BBC medical correspondent Fergus Walsh has been to Sweden which has the lowest level of child mortality in the world.
Asa and her family received high-quality care
In delivery suite number 11 at the Karolinska University hospital, Asa Andersson is in the middle of labour, her husband Per at her side along with a highly trained midwife.
At quarter to midnight, Asa gives birth to a healthy baby boy. Everything went well.
But had there been complications doctors and a fully equipped operating theatre were just down the corridor.
This is childbirth in Sweden, the safest place in the world to be born - fewer children die here under the age of five than in any other country.
For Sweden, the figure is three deaths per 1,000 children, compared to six per 1,000 in the UK, and 270 per 1,000 in Sierra Leone, which has the highest child mortality rate in the world.
I was also present at a Caesarean delivery, just as I had been in Sierra Leone only days before.
In Sierra Leone the operating theatre was almost bare: there were no monitors to check the mother's vital signs and just one doctor.
In Stockholm there were two specialist obstetricians, a paediatrician on standby and an anaesthetist.
Facilities are comprehensive and clean
Add to that a wealth of monitoring equipment and it's easy to see why childbirth in Sweden is so much safer.
One in 17,400 mothers die in childbirth, compared to one in eight in Sierra Leone and one in 8,200 in the UK.
If an infant is premature then it can be taken to the neonatal care unit where there are two staff to every cot.
Sweden has one of the best staffed health services in the world.
It has 320 doctors per 100,000 people compared to two doctors per 100,000 people in Sierra Leone. The UK has 230 doctors per 100,000 population.
I visited Louisa and Matias Verner and their son Gasper.
Gasper had been born three months premature weighing just 830g.
Now he was nearly 2500g and in a few days, the family would be going home.
The family room was attached to the special care unit, and Gasper was monitored in his cot.
The parents both had beds and had been living at the hospital throughout.
Matias told me that he was having paid time off work because his son was sick - his paternal paid leave would not start until Gasper went home.
Both parents praised the medical staff and said a team of more than a dozen had been on hand when Gasper was born.
"They not only looked after our son, they cared for us too," Matias said.
So what are the factors which set Sweden apart from other developed countries in terms of child safety?
Medical staff at the hospital told me that the quality of ante-natal and post-natal care was very high.
Almost 100% of mothers give birth in hospital - home births are not encouraged.
The maternity units are large and modern.
Services are geared to new families
But it is about more than just buildings and staff. It has something to do with Swedish society and the way parents and small children are given the highest priority.

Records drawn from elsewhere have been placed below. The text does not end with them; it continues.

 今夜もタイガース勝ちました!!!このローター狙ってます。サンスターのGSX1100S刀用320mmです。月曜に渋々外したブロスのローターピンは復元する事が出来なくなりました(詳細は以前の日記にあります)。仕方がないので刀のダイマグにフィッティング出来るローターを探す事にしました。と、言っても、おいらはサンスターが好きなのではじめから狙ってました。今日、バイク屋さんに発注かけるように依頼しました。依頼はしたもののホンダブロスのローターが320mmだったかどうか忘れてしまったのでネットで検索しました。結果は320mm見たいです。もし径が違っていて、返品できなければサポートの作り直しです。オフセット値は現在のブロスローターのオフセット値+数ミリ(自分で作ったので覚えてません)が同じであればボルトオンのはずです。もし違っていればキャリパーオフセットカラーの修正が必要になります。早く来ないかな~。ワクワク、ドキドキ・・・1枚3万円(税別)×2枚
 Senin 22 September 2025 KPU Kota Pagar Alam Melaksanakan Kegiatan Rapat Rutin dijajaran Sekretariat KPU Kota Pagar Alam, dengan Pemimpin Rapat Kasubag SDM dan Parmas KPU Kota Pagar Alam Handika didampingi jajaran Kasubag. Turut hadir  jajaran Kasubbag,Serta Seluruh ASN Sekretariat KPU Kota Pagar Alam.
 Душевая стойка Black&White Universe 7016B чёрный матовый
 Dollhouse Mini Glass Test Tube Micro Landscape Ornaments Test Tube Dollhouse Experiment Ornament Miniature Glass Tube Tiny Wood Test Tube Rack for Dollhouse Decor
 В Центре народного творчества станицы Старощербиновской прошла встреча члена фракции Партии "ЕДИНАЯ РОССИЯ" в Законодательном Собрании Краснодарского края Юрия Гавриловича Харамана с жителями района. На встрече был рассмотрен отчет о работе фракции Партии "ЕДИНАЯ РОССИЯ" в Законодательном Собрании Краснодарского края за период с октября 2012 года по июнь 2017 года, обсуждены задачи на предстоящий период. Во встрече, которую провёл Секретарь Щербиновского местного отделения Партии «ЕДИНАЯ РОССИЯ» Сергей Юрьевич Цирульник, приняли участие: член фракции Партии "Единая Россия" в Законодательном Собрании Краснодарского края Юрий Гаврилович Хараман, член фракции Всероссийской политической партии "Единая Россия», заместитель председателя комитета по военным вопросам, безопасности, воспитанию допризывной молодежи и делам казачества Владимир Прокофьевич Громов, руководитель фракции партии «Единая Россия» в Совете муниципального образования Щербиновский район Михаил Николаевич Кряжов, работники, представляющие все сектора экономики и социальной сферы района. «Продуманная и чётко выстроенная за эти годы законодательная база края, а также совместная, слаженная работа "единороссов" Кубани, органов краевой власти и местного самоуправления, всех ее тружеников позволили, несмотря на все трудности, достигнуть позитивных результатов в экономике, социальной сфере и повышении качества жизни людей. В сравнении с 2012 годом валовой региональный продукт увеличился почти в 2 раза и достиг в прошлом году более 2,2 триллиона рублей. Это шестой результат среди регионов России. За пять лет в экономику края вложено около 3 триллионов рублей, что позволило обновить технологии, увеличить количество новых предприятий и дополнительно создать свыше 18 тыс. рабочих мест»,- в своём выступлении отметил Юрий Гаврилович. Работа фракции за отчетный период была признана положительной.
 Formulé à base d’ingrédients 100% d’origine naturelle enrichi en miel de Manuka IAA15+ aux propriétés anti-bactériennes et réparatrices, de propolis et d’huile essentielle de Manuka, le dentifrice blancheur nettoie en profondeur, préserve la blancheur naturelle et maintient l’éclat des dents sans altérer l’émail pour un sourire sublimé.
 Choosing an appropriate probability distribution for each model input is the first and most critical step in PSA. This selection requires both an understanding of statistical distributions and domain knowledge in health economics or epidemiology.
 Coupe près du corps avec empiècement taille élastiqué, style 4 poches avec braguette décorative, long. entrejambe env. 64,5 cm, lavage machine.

Take for example, parental leave.
Swedish parents get 480 days off after the birth of a child. Most of it is on 80% of normal pay, but many employers top that up to 90%.

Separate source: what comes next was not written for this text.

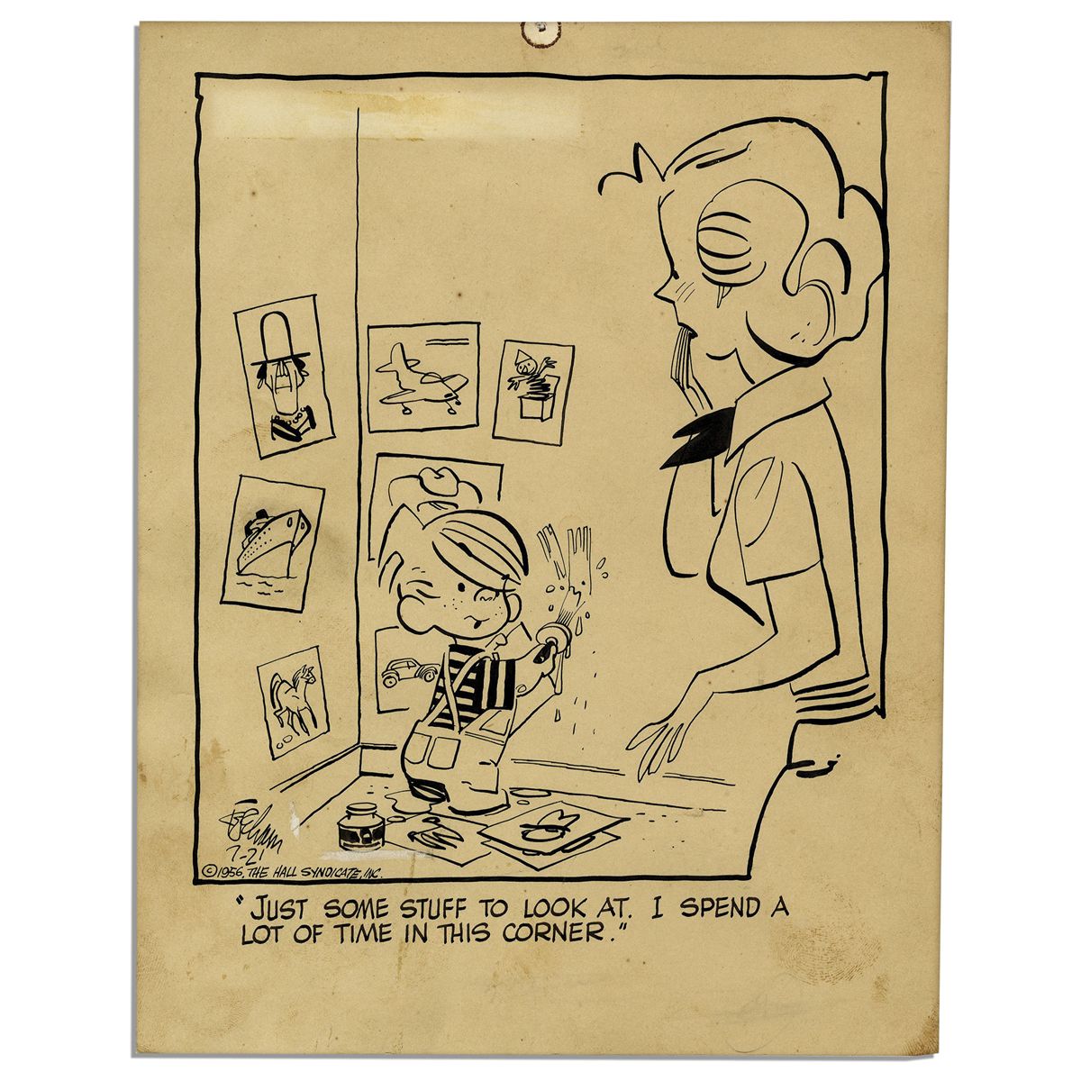 Rare Hank Ketcham ''Dennis The Menace'' comic strip signed and dated 21 July 1956. Single frame Saturday strip depicts young Dennis gluing his drawings to the wall as his mom Alice Mitchell catches him in disbelief. The mischief-loving Dennis wears his signature overalls and striped t-shirt. Caption at bottom reads, ''Just some stuff to look at. I spend a lot of time in this corner.'' With a 1956 Hall Syndicate copyright at lower left. Measures 7.5'' x 9.75'' with some toning and foxing, and a pin hole to top center, else very good condition overall.

Each parent must take 60 days, but how they divide the remaining 360 is up to them.
And the time off is valid until the child is eight years old.
I went back to see Asa and Par the day after their son was born.
They had been transferred to a family post-natal room (again with beds for mother and father) and Asa was cradling their son, Viktor in her arms.
Asa told me she would take the first few months off: "I'll be breast feeding, which obviously Per can't help with, but after seven months then he will step in and take some time off.
"One of us will be at home for around 18 months".
Per added: "It's very important to be there when he is young, so that he has a role model. I'd miss a lot if I wasn't there."
When Viktor is around 18 months old he'll go into one of the many state-subsidised nurseries.
The fees are capped, to make them affordable to everyone.
One of the senior obstetricians at the Karolinska University Hospital said there was something special about Sweden which made it a great place for families: "Swedish society is very cohesive and there isn't a huge gap between rich and poor.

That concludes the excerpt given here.